Judge: Ashfaq G. Chowdhury, Case: 24GDCV00357, Date: 2024-10-03 Tentative Ruling

Case Number: 24GDCV00357    Hearing Date: October 3, 2024    Dept: E

Case No: 24GDCV00357
Hearing Date:  10/03/2024 – 8:30am

Trial Date: Unset

Case Name: NATHAN NAKAMURA by and through his Guardian Ad Litem, DAVID ANTHONY NAKAMURA v. AUTOMOBILE CLUB OF SOUTHERN CALIFORNIA; ALEX MATTHEW AGUILA; DOES 1-10

 

[TENTATIVE RULING ON DEMURRER]

RELIEF REQUESTED
“Defendant AUTOMOBILE CLUB OF SOUTHERN CALIFORNIA (“ACSC”), will demur to the First Amended Complaint (“FAC”) on file herein.

This Demurrer will be made and based on the grounds that the allegations of the Third cause of action for strict liability in the FAC fails to state facts sufficient facts to constitute a cause of action against this demurring Defendant.

This Demurrer is filed following telephonic meet and confer conference between defense counsel and plaintiff’s counsel on August 14, 2024, as required by Code of Civil Procedure §430.41. (Jensen Decla., para. 2).

This Demurrer will be made and based upon Code of Civil Procedure §430.10(e), upon this Notice of hearing, the attached Demurrer to the First Amended Complaint, the instant Memorandum of Points and Authorities, upon all of the records and documents on file herein, and upon such oral and documentary evidence as may be presented at the hearing of this matter.”

(Def. Mot. p. 2.)

BACKGROUND
Plaintiff filed the original Complaint on 2/27/2024.

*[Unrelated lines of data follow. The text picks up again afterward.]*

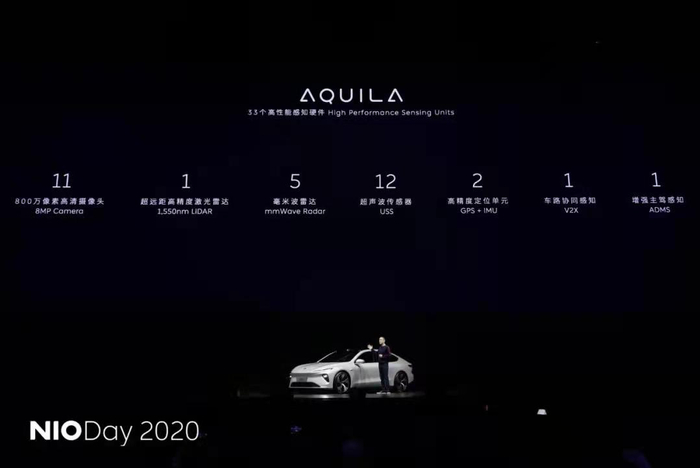 ET7基于第二代高效电驱平台打造,最大的看点是搭载了蔚来最新的自动驾驶技术。新车采用蔚来自主研发的Aquila超感系统,拥有33个高精度传感器,包括11颗超感镜头总像素数高达8800万、1 个超远距离高精度激光雷达。
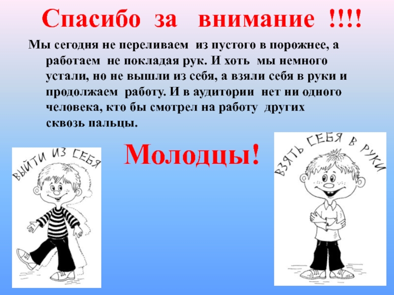 в порожнее, а работаем не покладая рук. И хоть мы немного устали, но не вышли из себя, а взяли себя в руки и продолжаем работу. И в аудитории нет ни одного человека, кто бы смотрел на работу других сквозь пальцы.
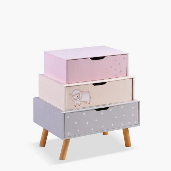 Baby’s Farm. Ξύλινο κουτί βαπτιστικών συρταριέρα. Το κουτί είναι βαμμένο σε ροζ και λιλά αποχρώσεις. Στα συρτάρια είναι ζωγραφισμένο ένα προβατάκι. Ιδανικό και για τη διακόσμηση του παιδικού δωματίου.
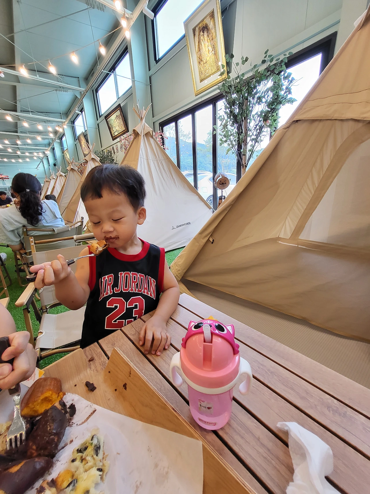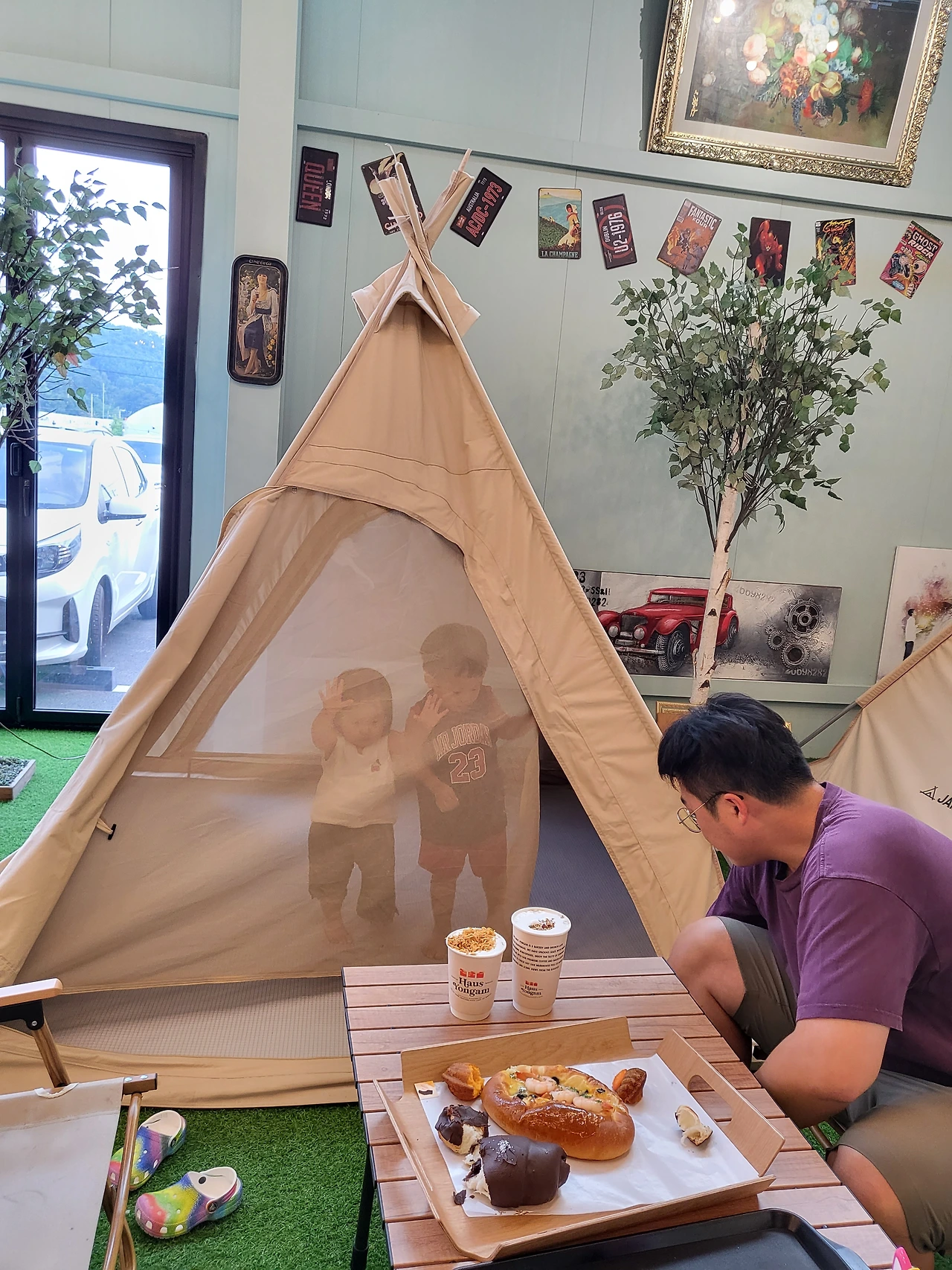 뙤약볕이 아닌 실내에서 이렇게 글램핑 문화를 간접적으로 체험해 보는 것은 꽤 괜찮은 경험이라 생각했다. 글램핑을 언제 처음이자 마지막으로 해보았더라. 아가들이 좀 더 크면 본격적인 캠핑을 해 봐야지라는 다짐을 해 본 순간이다. 빵과 커피는 특색이 있긴 했지만 그렇게 맛있다는 생각은 안 들었다. 그저 이 공간을 즐기는데 들어가는 데 필요한 입장료라고 생각하기로 했다. 그래도 아가들은 공간이 주는 분위기와 가족 단위의 손님이 왁자지껄하게 발산하는 에너지가 꽤 마음에 들었는 모양이다. 생전 처음 보는 텐트를 수시로 넘나들고 뒹굴거리며 놀았다. 우리와 입맛이 비슷한 아가들도 빵은 한 두 입 먹고 말아 버렸지만 말이다.
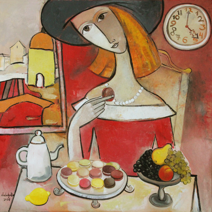 Stretched on wooden frame. Ready to hang. World-wide shipping after prepayment.
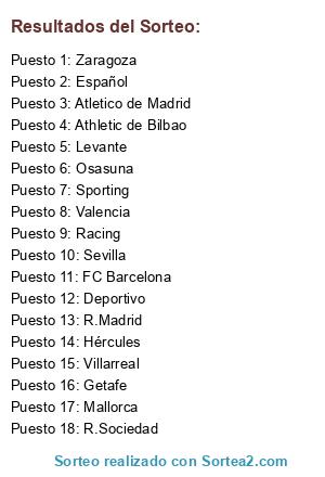 Lista de participantes: FC Barcelona, R.Madrid, Villarreal, Valencia, Español, Athletic de Bilbao, Atletico de Madrid, Sevilla, R.Sociedad, Getafe, Mallorca, Sporting, Hércules, Deportivo, Zaragoza, Osasuna, Racing, Levante.
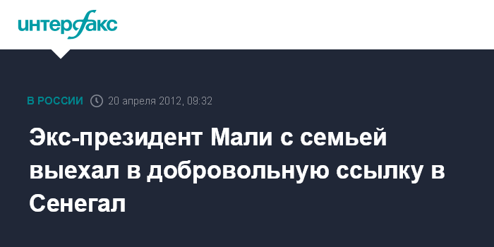Париж. 20 апреля. INTERFAX.RU - Отстраненный от власти в результате военного мятежа президент Мали Амаду Тумани Туре покинул родину и вылетел в добровольную ссылку в Сенегал, сообщает в пятницу французский телеканал ТФ1.
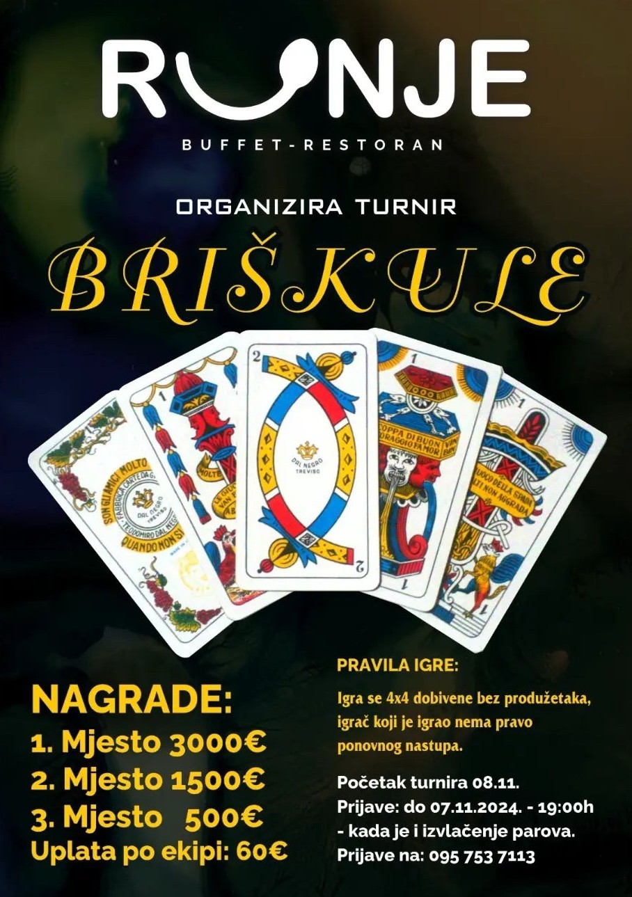 Buffet Restoran Runje u Zmijavcima organizira veliki turnir u briškuli s primamljivim novčanim nagradama. Svi ljubitelji ove tradicionalne kartaške igre imat će priliku pokazati svoje vještine i boriti se za prvo mjesto, čija nagrada iznosi čak 3000 eura! Drugo i treće mjesto također će biti bogato nagrađeni s 1500 i 500 eura.
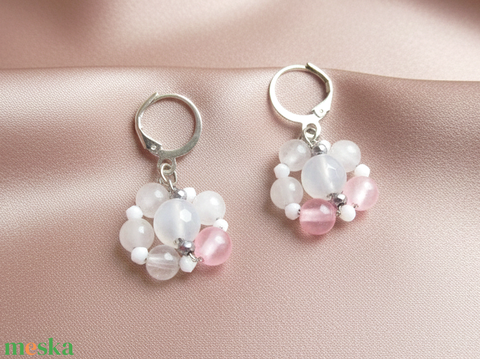 Flora Silver Edition – Achát és Hematit Virágfülbevaló 925-ös Ezüsttel
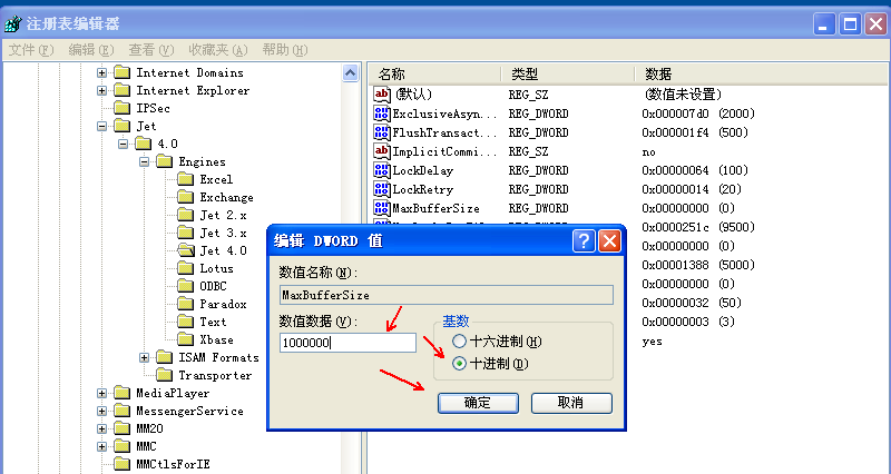 4、编辑DWORD值基数选择十进制,数值数据填写500000,这样你就可以同时复制或粘贴500000条数据

On 7/15/2024, Plaintiff, Nathan Nakamura by and through his Guardian Ad Litem, David Anthony Nakamura, filed a First Amended Complaint (FAC) alleging three causes of action for: (1) General Negligence, (2) Premises Liability, and (3) Strict Liability.

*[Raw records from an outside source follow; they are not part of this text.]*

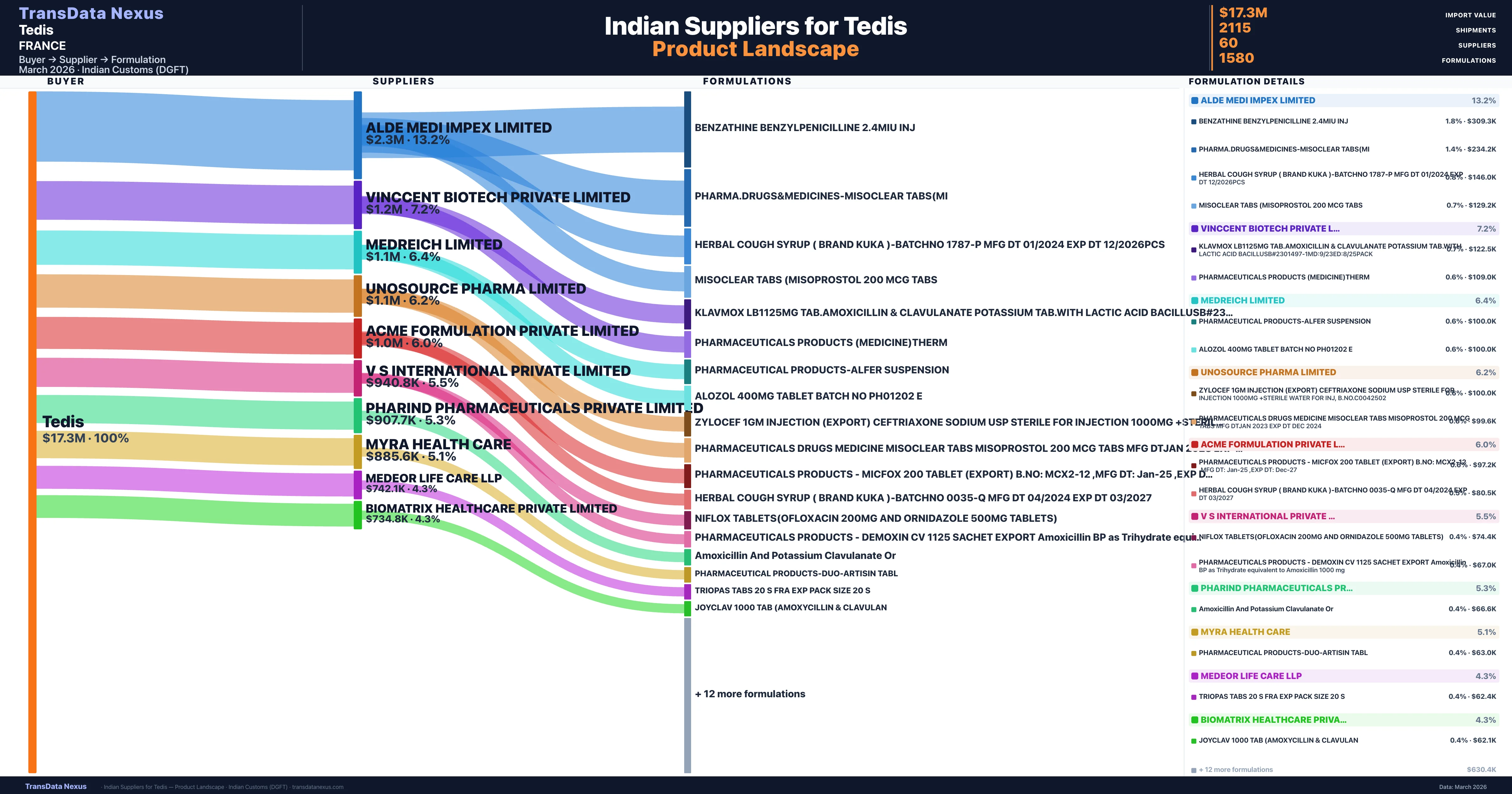Tedis is a pharmaceutical importer based in France with a total trade value of $1.8M across 2 products in 1 therapeutic categories. Based on 48 verified import shipments from Indian Customs (DGFT) records, Tedis is the #1 buyer in 1 product including Benzylpenicillin. Tedis sources from 60 verified Indian suppliers, with Alde Medi Impex Limited accounting for 13.2% of imports.
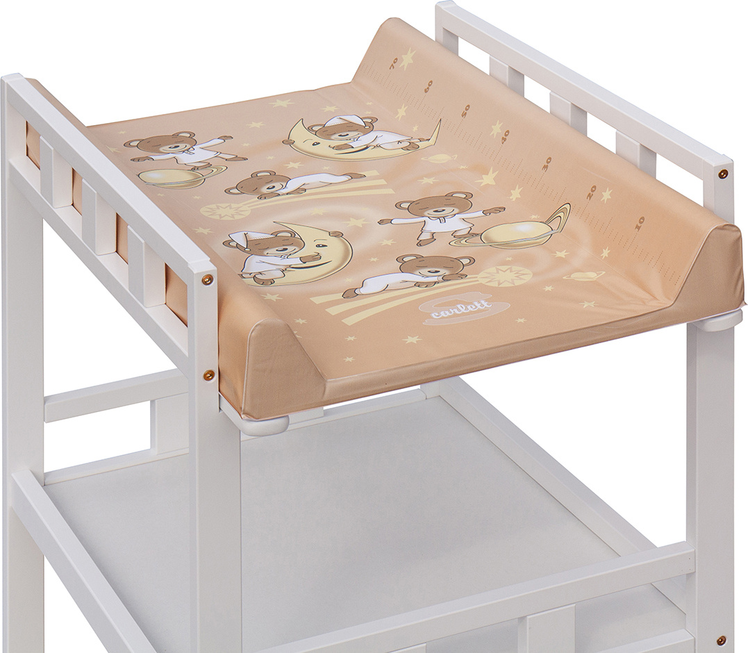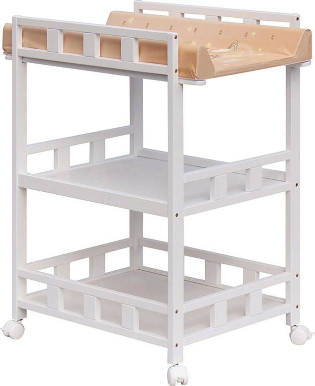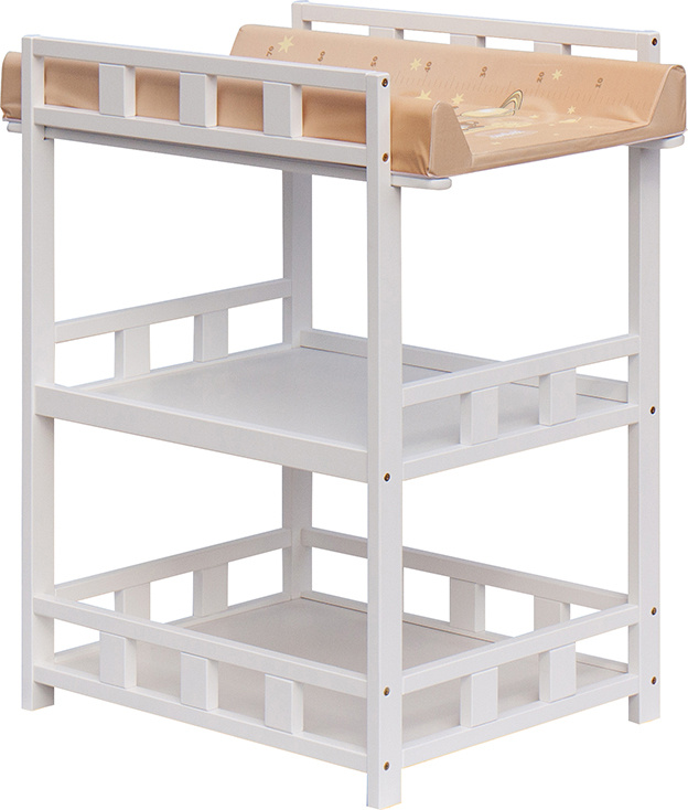 Praktický přebalovací pult se dvěmi policemi z HDF desky. Vrchní přebalovací pult z polyuretanu potažený omyvatelným PVC, vyztužený MDF deskou.
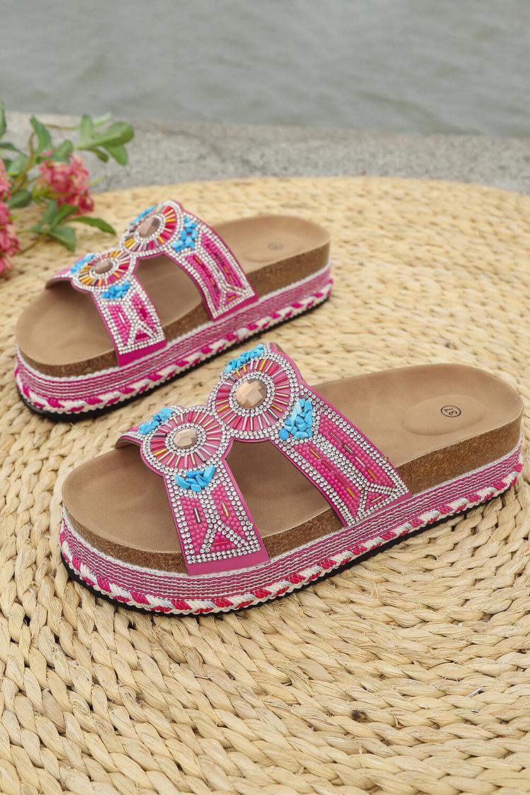 Kolorowe klapki na platformie z okrągłym noskiem i dekoracją z kryształków na plażę

The first cause of action is alleged against Defendant Alex Matthew Aguila.

The second cause of action for premises liability is alleged against Defendant Automobile Club of Southern California.

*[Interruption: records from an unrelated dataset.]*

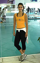 peça básica, Bruna escolheu uma calça tipo legging que vai até a barriga da
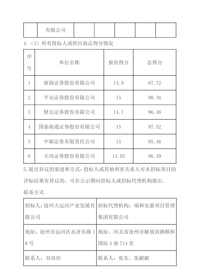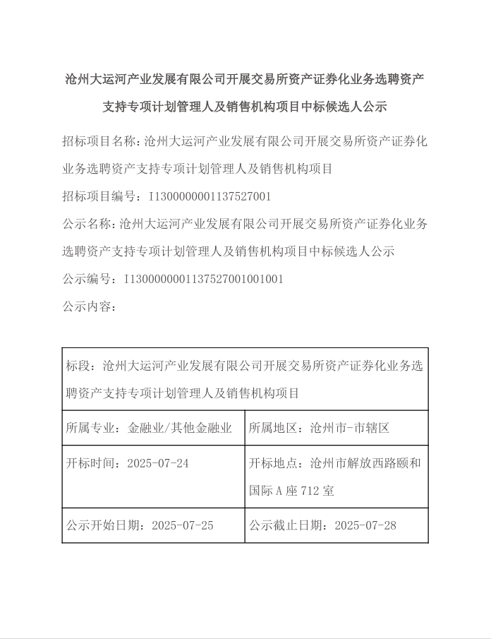 滄州大運河產(chǎn)業(yè)發(fā)展有限公司開展交易所資產(chǎn)證券化業(yè)務(wù)選聘資產(chǎn)支持專項計劃管理人及銷售機構(gòu)項目中標候選人公示
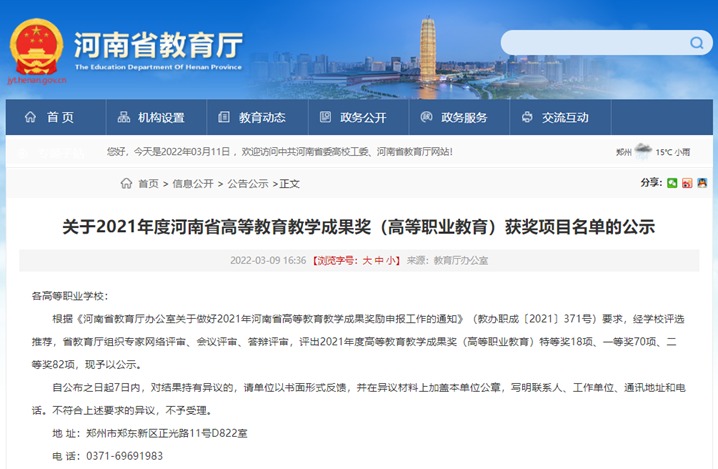 近日,河南省教育厅公布了2021年度河南省高等教育教学成果奖(高等职业教育)获奖项目名单,海立方娱乐城 金卓教授主持的《基于“艺工商”一体化交叉学科理念下的广告设计教学创新与实践》项目荣获河南省二等...
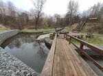 Красивая достопримечательность Народный мост в парке 50-летия Октября через реку. Очень атмосферное и уютное место. Вокруг зелень, лавочки и вода журчит

The third cause of action for strict liability is alleged against all Defendants.

PROCEDURAL ANALYSIS
Moving Party: Defendant, Automobile Club of Southern California (Defendant or ACSC)

Responding Party: Plaintiff, Nathan Nakamura by and through his Guardian Ad Litem, David Anthony Nakamura

Moving Papers: Demurrer; Request for Judicial Notice

Opposition Papers: Opposition

Reply Papers: Reply

Proof of Service Timely Filed (CRC Rule 3.1300): Ok
16/21 Court Days Lapsed (CCP § 1005(b)): Ok
Proper Address (CCP § 1013, § 1013a, § 1013b): Ok

Meet and Confer
A party filing a demurrer “shall meet and confer in person or by telephone with the party who filed the pleading that is subject to demurrer for the purpose of determining whether an agreement can be reached that would resolve the objections to be raised in the demurrer.”  (Code Civ. Proc., §430.41, subd. (a).)  “The parties shall meet and confer at least five days before the date the responsive pleading is due. If the parties are not able to meet and confer at least five days prior to the date the responsive pleading is due, the demurring party shall be granted an automatic 30-day extension of time within which to file a responsive pleading, by filing and serving, on or before the date on which a demurrer would be due, a declaration stating under penalty of perjury that a good faith attempt to meet and confer was made and explaining the reasons why the parties could not meet and confer.”  (Code Civ. Proc., §430.41, subd. (a)(2).)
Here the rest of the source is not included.